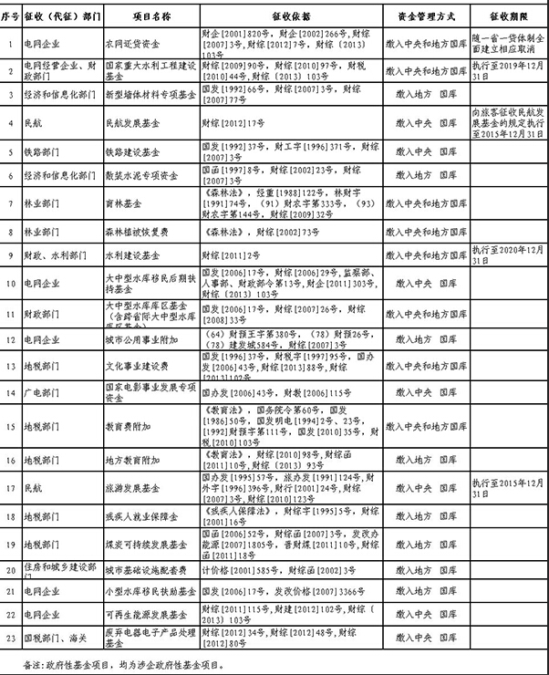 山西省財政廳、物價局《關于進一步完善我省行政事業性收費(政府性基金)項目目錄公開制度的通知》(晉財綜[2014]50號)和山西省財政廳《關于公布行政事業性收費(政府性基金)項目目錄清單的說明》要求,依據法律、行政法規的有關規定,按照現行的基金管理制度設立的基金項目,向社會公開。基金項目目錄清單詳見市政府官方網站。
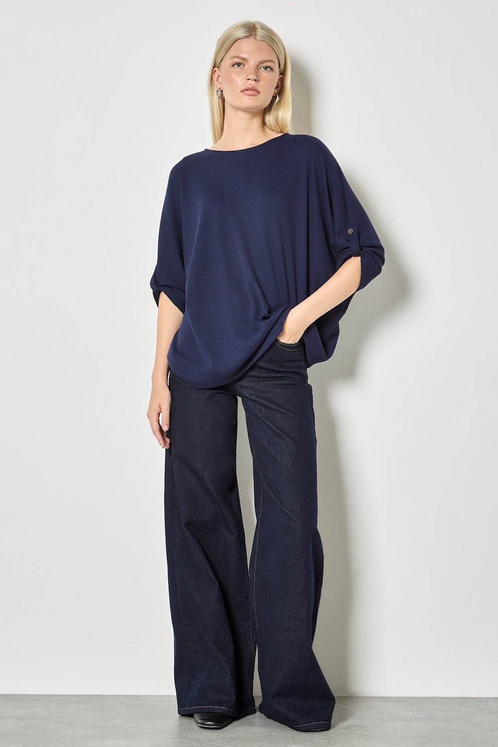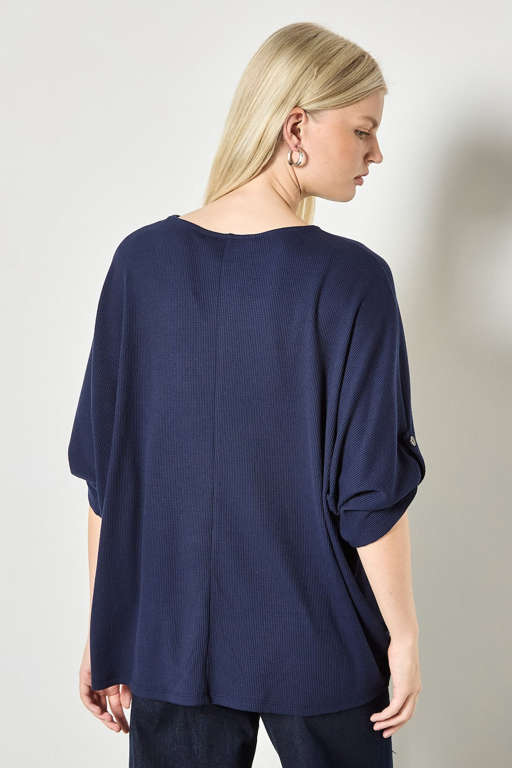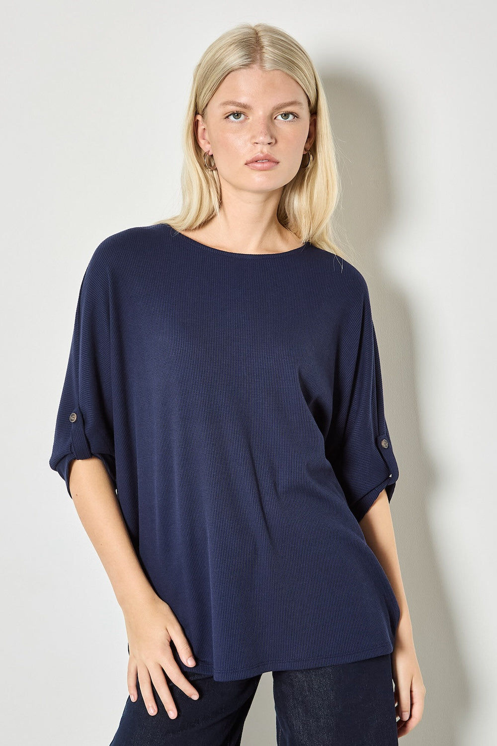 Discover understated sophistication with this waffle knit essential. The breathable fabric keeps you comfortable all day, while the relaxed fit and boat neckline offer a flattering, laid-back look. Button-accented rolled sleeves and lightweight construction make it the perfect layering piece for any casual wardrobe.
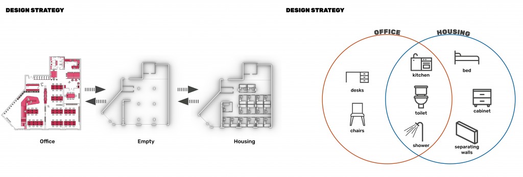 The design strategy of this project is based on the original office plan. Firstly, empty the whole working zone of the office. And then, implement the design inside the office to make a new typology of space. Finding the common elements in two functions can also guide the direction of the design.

• • • • •

WHAT THE TASK ASKS:
Copy the final stretch of lines, starting at the one that holds "Discover understated sophistication" and ending at the last line of the data, exactly; omit pictures.

FINISHED TASK:
 Discover understated sophistication with this waffle knit essential. The breathable fabric keeps you comfortable all day, while the relaxed fit and boat neckline offer a flattering, laid-back look. Button-accented rolled sleeves and lightweight construction make it the perfect layering piece for any casual wardrobe.
 The design strategy of this project is based on the original office plan. Firstly, empty the whole working zone of the office. And then, implement the design inside the office to make a new typology of space. Finding the common elements in two functions can also guide the direction of the design.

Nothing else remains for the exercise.